■ **About this exercise**: Up to and including the line that holds "1962 Topps #508", print the data exactly from its first line; do not print the pictures.

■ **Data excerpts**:
_ _ _

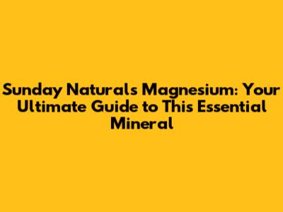 Sunday Naturals Magnesium: A Comprehensive Guide
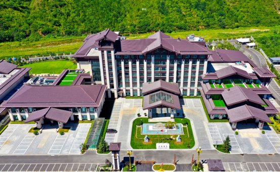 庄普酒店就藏在这一片群山环绕下的山谷中,4万余平米的新中式建筑群由国内知名设计师精心规划打造。
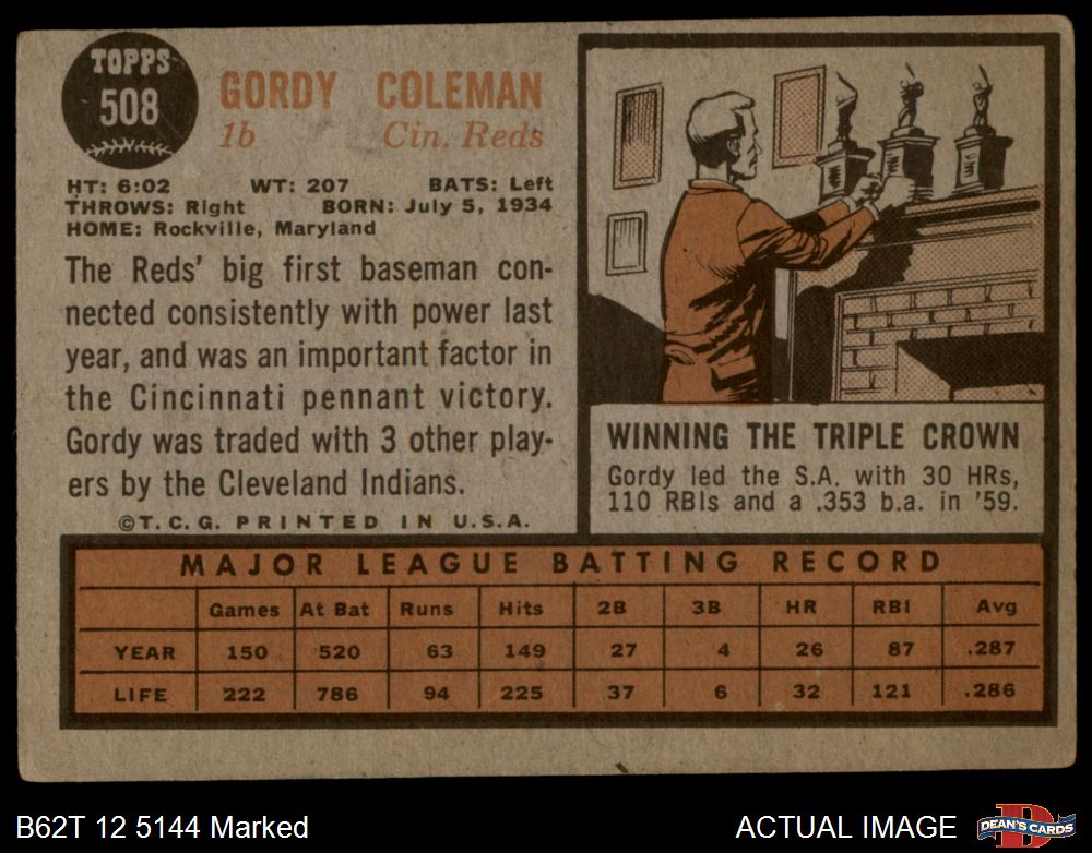 1962 Topps #508 Gordy Coleman Front Thumbnail
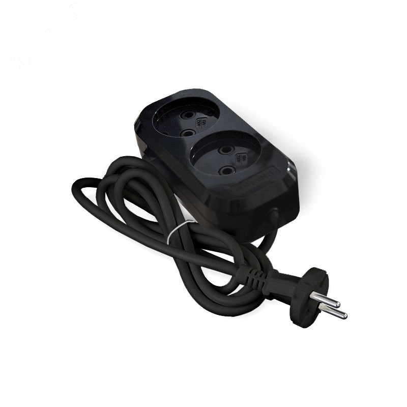 В изделии применяется провод марки ПВС ГОСТ сечением 2х0,75 мм2, корпус выполнен из АБС-пластика, который не выгорает на свету, не трескается и не бьется. Колодка глянцевого черного цвета на 2 гнезда без заземления. Латунные наконечники не допускают распушение жилы провода, подрезание проволочек крепежным винтом и обеспечивают достаточную площадь контакта между жилой и удлинителем. Вставка из негорючего материала обеспечивает пожаробезопасность удлинителя. Крепежное отверстие на задней стенке корпуса многоместной розетки удлинителя позволяет удобно закрепить ее на вертикальной поверхности. Прижимная планка надежно фиксирует провод внутри многоместной розетки удлинителя.
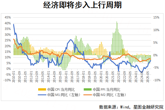 除此以外,“老登资产”往往与经济周期强相关,因此经济复苏前景的显著升温同样是重要支撑。,经济复苏进程可分为三个阶段:初期以政策落地和货币宽松为主,M1、M2同比率先回升;中期伴随需求改善,物价水平逐步企稳,CPI、PPI同比随之上升;最终在微观主体信心恢复推动下,投资与消费全面回暖,GDP等宏观指标重返高位。当前,M1、M2同比已经于2024年9月触底反弹,CPI、PPI同比于2025年7月也开始回升。刚刚公布的10月CPI、PPI同比分别录得0.20%、-2.10%,而PPI环比更是自2024年12月以来首次转正,我们可能正处于经济上行周期的门槛上,随着市场对价格回升与经济回暖的预期增强,与经济周期高度相关的“老登资产”因而迎来估值修复。

_ _ _

■ **Output for this task**:
 Sunday Naturals Magnesium: A Comprehensive Guide
 庄普酒店就藏在这一片群山环绕下的山谷中,4万余平米的新中式建筑群由国内知名设计师精心规划打造。
 1962 Topps #508 Gordy Coleman Front Thumbnail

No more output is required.